Le lutteur Chilon, natif de Patras en Achaïe, n'est guère moins fameux que Milon, par le nombre de ses victoires à la lutte. Il fut couronné deux fois à Olympie, une fois à Delphes, quatre fois aux jeux isthmiques, et trois fois aux néméens. Sa statue faite des mains de Lysippe, se voyait encore à Olympie du temps de Pausanias. Il fut tué dans une bataille, et les Achéens lui élevèrent une tombeau à leurs dépens, avec une inscription simple, qui contenait les faits que je viens de rapporter.

Pausanias parle du pancratiaste Polydamas, non seulement comme du plus grand homme de son siècle pour la taille, mais il raconte encore de ce célèbre athlete des choses presque aussi surprenantes que celles qu'on attribue à Milon. Il mourut, comme lui, par trop de confiance en ses forces. Etant entré avec quelques camarades dans une caverne, pour s'y mettre à couvert de l'excessive chaleur, la voute de la caverne prête à fondre sur eux, s'entr'ouvrit en plusieurs endroits. Les compagnons de Polydamas prirent la fuite ; mais lui moins craintif, ou plus téméraire, éleva ses deux mains, prétendant soutenir la hauteur de pierres qui s'écroulaient, et qui l'accabla de ses ruines.

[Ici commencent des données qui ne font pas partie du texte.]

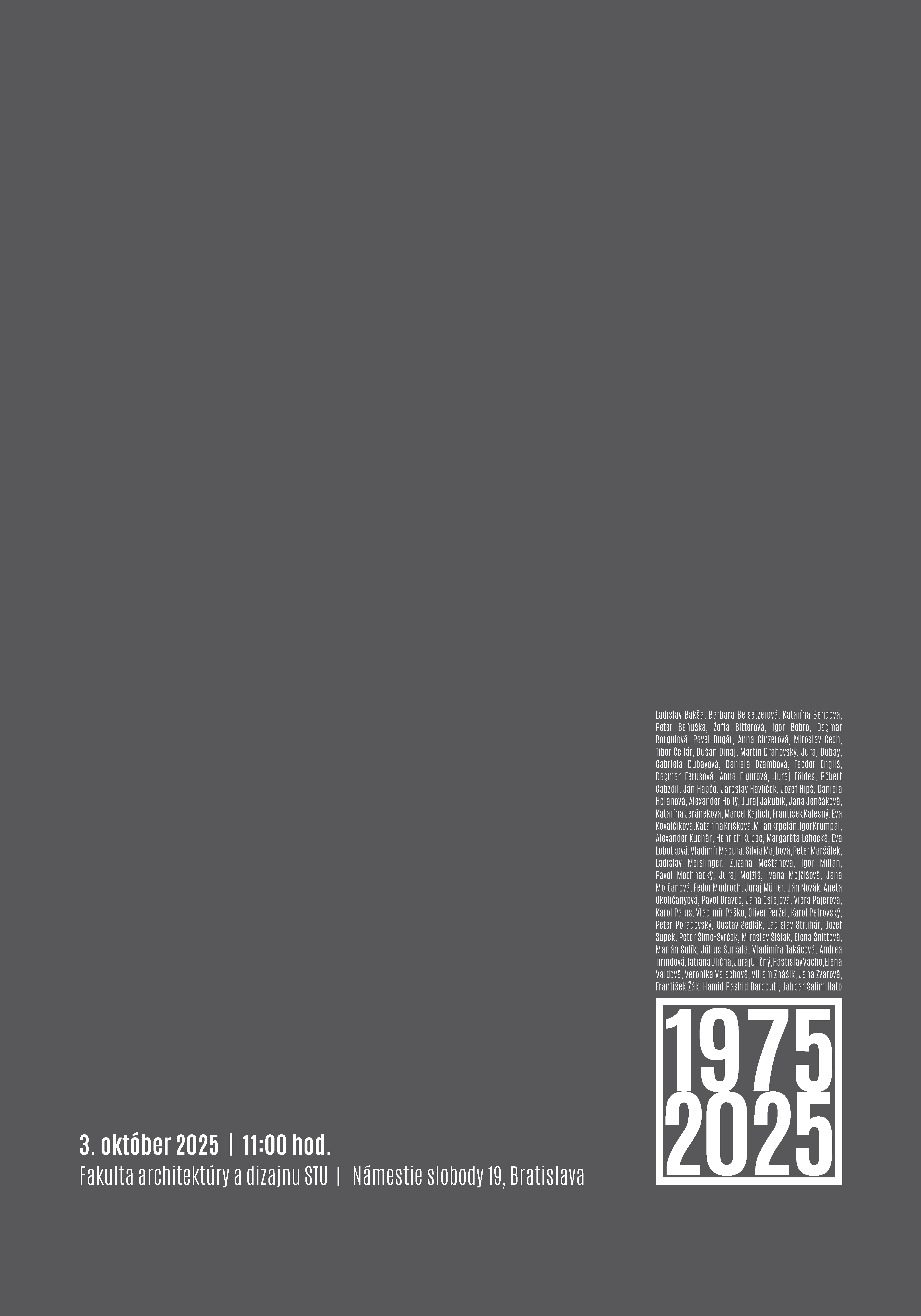Dňa 3. 10. 2025 sa v priestoroch Fakulty architektúry a dizajnu Slovenskej technickej univerzity uskutočnilo po 50 rokoch stretnutie absolventov štúdia architektúry z rokov 1969 – 1975.

Je finis ma liste des célèbres lutteurs par l'athlete Théagène de Thasos, vainqueur au pancrace, au pugilat et à la course, une fois aux jeux olympiques, trois fois aux pythiens, neuf fois aux néméens, et dix fois aux isthmiques. Il emporta tant de prix aux autres jeux de la Grèce, que ses couronnes allaient jusqu'au nombre de quatorze cent, selon Pausanias, ou de douze cent, selon Plutarque. (D.J.)